Das Massaker von My Lai

  16 März 2018    Gelesen: 1380
Das Massaker von My Lai

Die Vertuschung gelingt nur für kurze Zeit: Vor 50 Jahren metzeln US-Soldaten in Vietnam mehr als 500 Zivilisten nieder, unter ihnen Kinder, Greise, Schwangere. Nur ein Amerikaner wird je dafür verurteilt – und für viele wird er zum Helden.

 

Der Oberbefehlshaber der US-Streitkräfte in Vietnam reagiert prompt. "Glückwünsche den Offizieren und Mannschaften zum ausgezeichneten Gefecht", schreibt General William Westmoreland in einem Telegramm an die Einheit "Charlie Company". Da hatte die Truppe gerade im südvietnamesischen Dorf My Lai 504 Zivilisten abgeschlachtet, unter ihnen 172 Säuglinge und Kinder, 60 Greise und 17 Schwangere.

Das Massaker von My Lai war kein Einzelfall. Aber es war ein Ereignis, das das Bild vom Vietnamkrieg prägte und die vermeintliche moralische Überlegenheit der US-Streitkräfte als Mär entlarvte. Wenn später US-Präsident Richard Nixon im kleinen Kreis sagte: "Fickt die Wichser" oder "Wir werden ihnen verdammt noch mal alles um die Ohren pusten" – hier in My Lai setzen die US-Soldaten das auf ihre Art um.
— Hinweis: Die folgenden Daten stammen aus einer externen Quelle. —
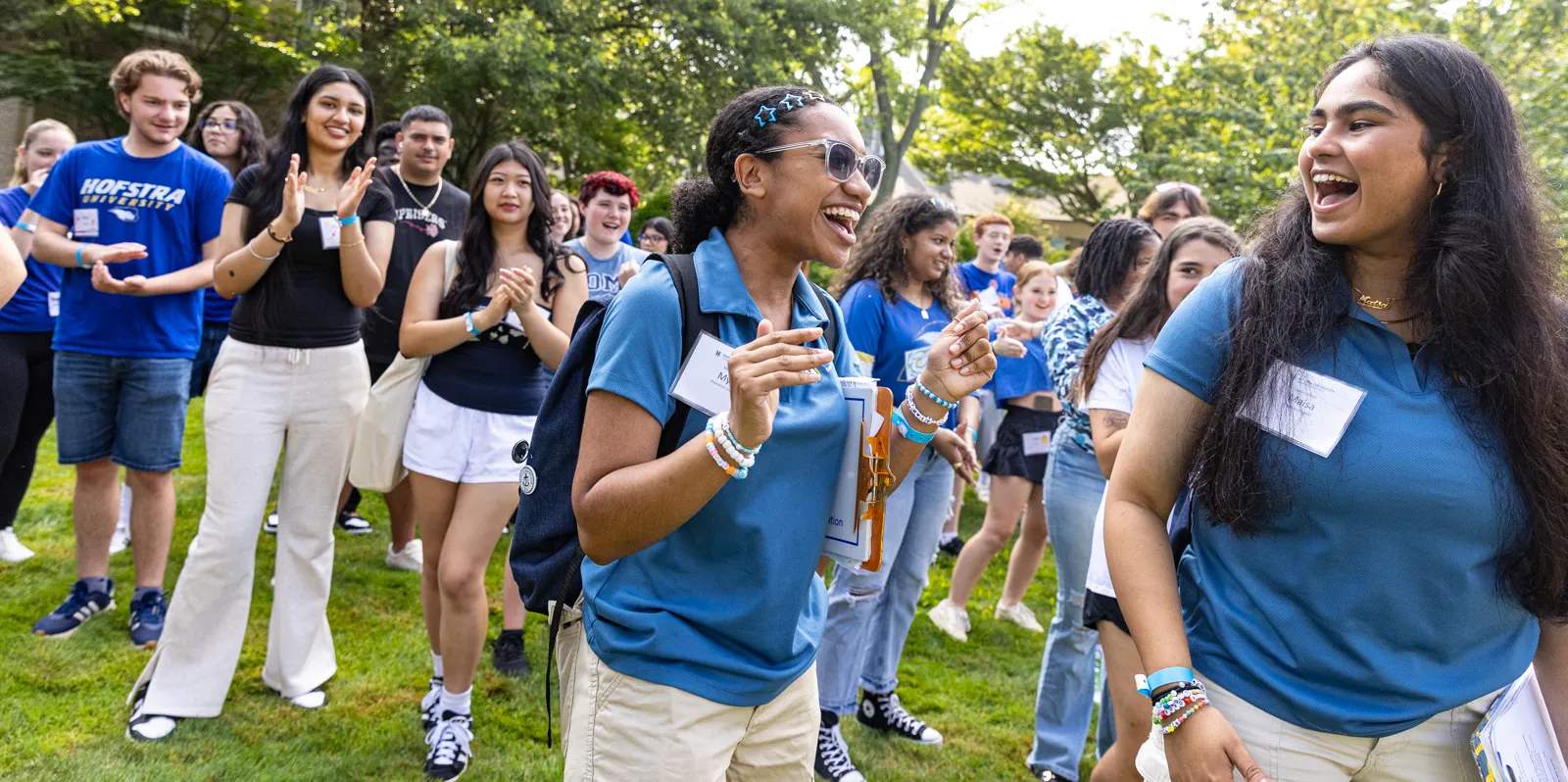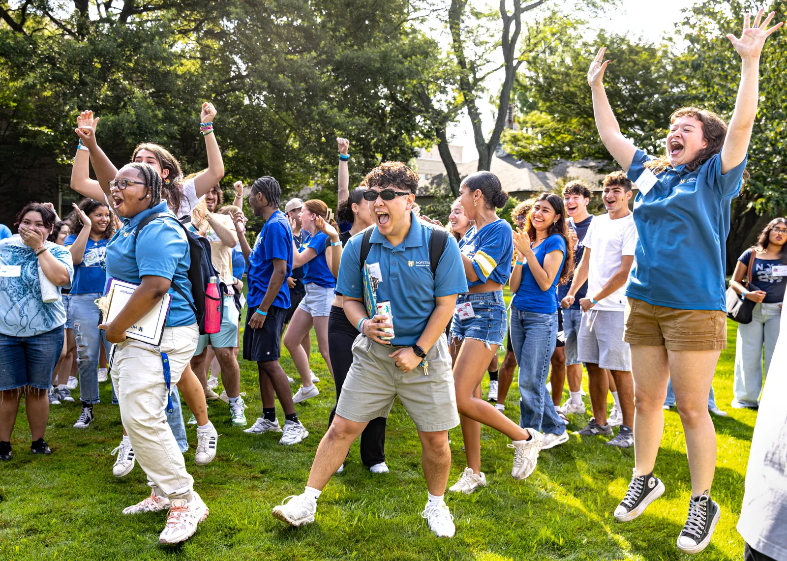 Summer Orientation Leaders celebrate their Rock, Paper, Scissors team's victory with incoming freshman on July 9, 2025.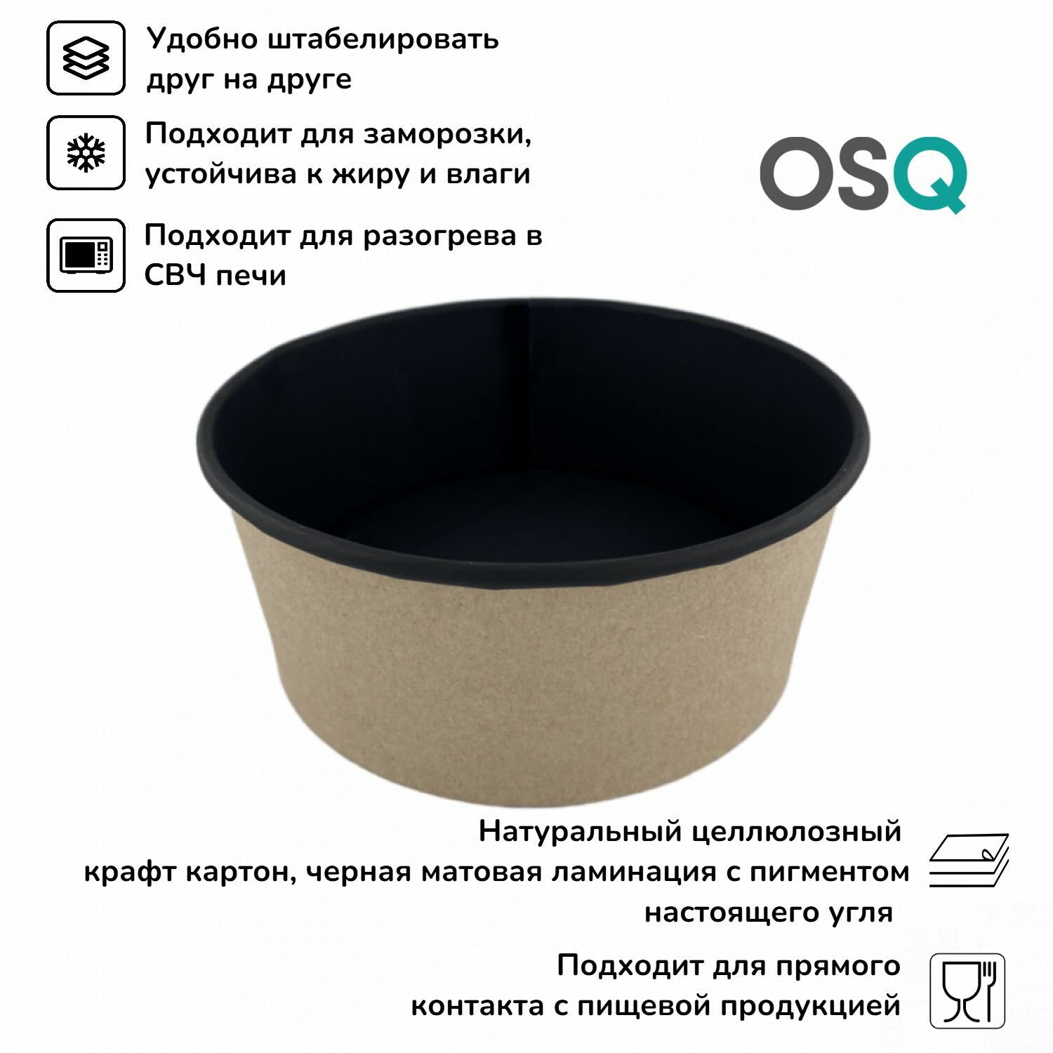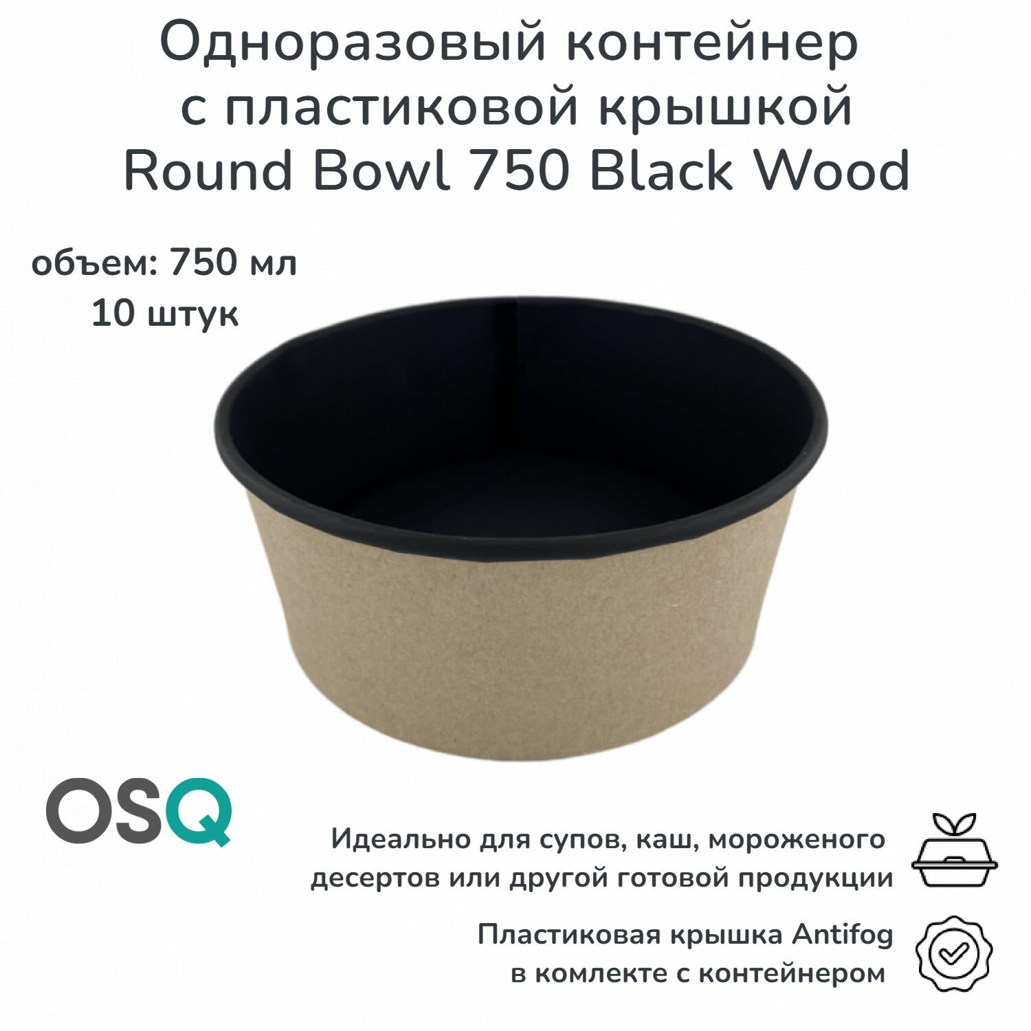 СохранитьОдноразовые контейнеры с крышкой плоской OSQ, круглые, черные, объем 750 мл, 10 шт. интересное: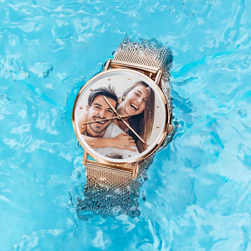 Reloj Con Foto De Pulsera De Aleación De Oro Rosa Grabado Unisex 40 Mm

In My Lai selbst ahnen die Dorfbewohnern nichts Böses, als am Morgen des 16. März 1968 neun US-Armeehubschrauber den Ort rund 540 Kilometer nordöstlich von Saigon erreichen. Schon mehrmals waren US-Soldaten hier gewesen und hatten Süßigkeiten an die Bewohner verteilt. Doch diesmal ist alles anders. Die Soldaten der "Charlie Company" umzingeln das Dorf, dann zerren sie die Menschen aus den Strohhütten. Das Morden beginnt.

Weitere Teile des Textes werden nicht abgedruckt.